Task goal:
An exact repetition of the data is required; no picture should appear in it.

Records from a dataset:
---
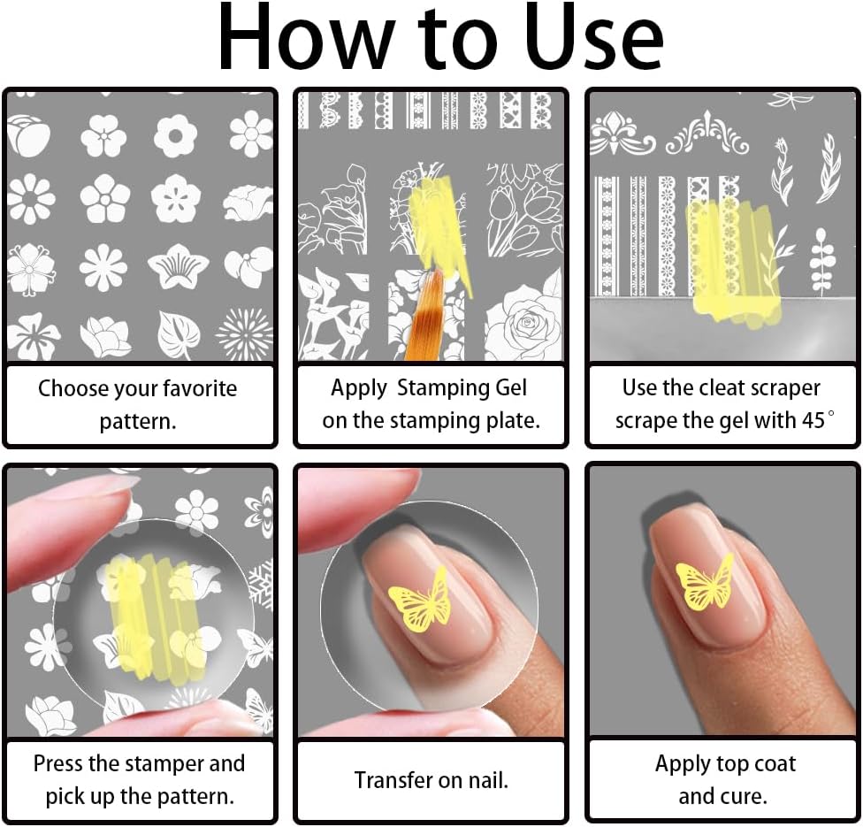 - Easy to Use: 1. Apply paint adhesive to the stencil, then use a scraper to quickly scrape off the excess 2.Use a silicone stamper to press down on the transfer pattern 3. Quickly transfer the pattern onto your nails 4.Bake dry to apply sealer then shine the lamp
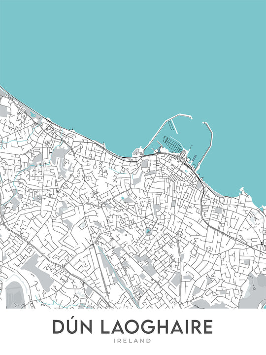 Modern City Map of Dún Laoghaire, Ireland: Dún Laoghaire Harbour, Sandycove, Dalkey Island, Killiney Hill, N11
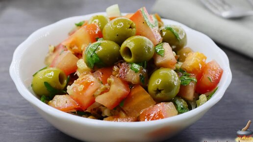 Сочно, ароматно, с кислинкой. Салат из помидоров, лука и оливок
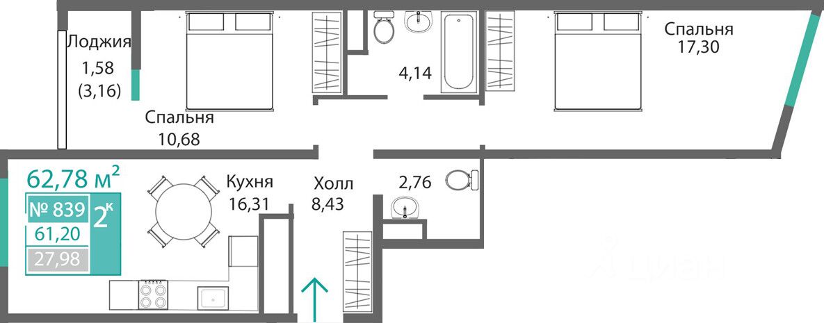Продаётся 2-комнатная квартира в строящемся доме (Этап 4 (Секции А2, Ж2, Г4, В2, Г3)), срок сдачи: II-кв. 2028, общей площадью 61.2 кв.м., на 8 этаже. Новый жилой комплекс ''Подсолнух'' от застройщика ''Монолит'' расположен по адресу: Республика Крым, г. Симферополь, ул. Святителя Гурия
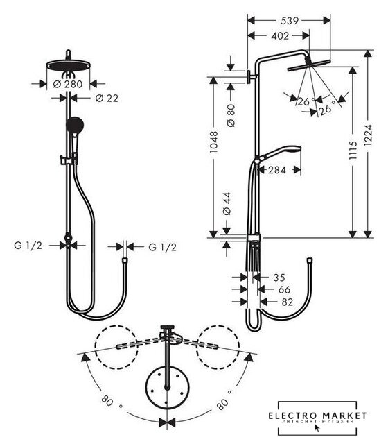 | Диаметр (ширина) верхнего душа | 280 мм |
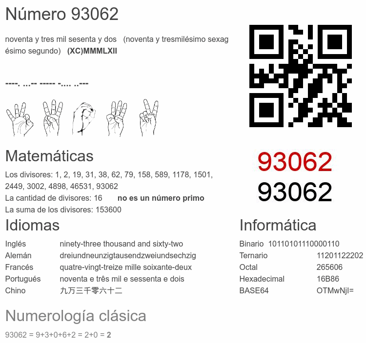 El número par 93 062 se dice 🔊, y se escribe con las palabras: noventa y tres mil sesenta y dos. El número ordinal 93062.° se dice 🔊 y se escribe como: noventa y tresmilésimo sexagésimo segundo. El significado del número 93062 en Matemáticas: Es un primo? Factorización y árbol de factores primos. La raíz cuadrada de y la raíz cúbica de 93062. El significado en informática, numerología, códigos e imágenes, escritura y denominación en otras lenguas. Otras curiosidades relacionadas con el 93062.
---
Task response:
 - Easy to Use: 1. Apply paint adhesive to the stencil, then use a scraper to quickly scrape off the excess 2.Use a silicone stamper to press down on the transfer pattern 3. Quickly transfer the pattern onto your nails 4.Bake dry to apply sealer then shine the lamp
 Modern City Map of Dún Laoghaire, Ireland: Dún Laoghaire Harbour, Sandycove, Dalkey Island, Killiney Hill, N11
 Сочно, ароматно, с кислинкой. Салат из помидоров, лука и оливок
Продаётся 2-комнатная квартира в строящемся доме (Этап 4 (Секции А2, Ж2, Г4, В2, Г3)), срок сдачи: II-кв. 2028, общей площадью 61.2 кв.м., на 8 этаже. Новый жилой комплекс ''Подсолнух'' от застройщика ''Монолит'' расположен по адресу: Республика Крым, г. Симферополь, ул. Святителя Гурия
 | Диаметр (ширина) верхнего душа | 280 мм |
 El número par 93 062 se dice 🔊, y se escribe con las palabras: noventa y tres mil sesenta y dos. El número ordinal 93062.° se dice 🔊 y se escribe como: noventa y tresmilésimo sexagésimo segundo. El significado del número 93062 en Matemáticas: Es un primo? Factorización y árbol de factores primos. La raíz cuadrada de y la raíz cúbica de 93062. El significado en informática, numerología, códigos e imágenes, escritura y denominación en otras lenguas. Otras curiosidades relacionadas con el 93062.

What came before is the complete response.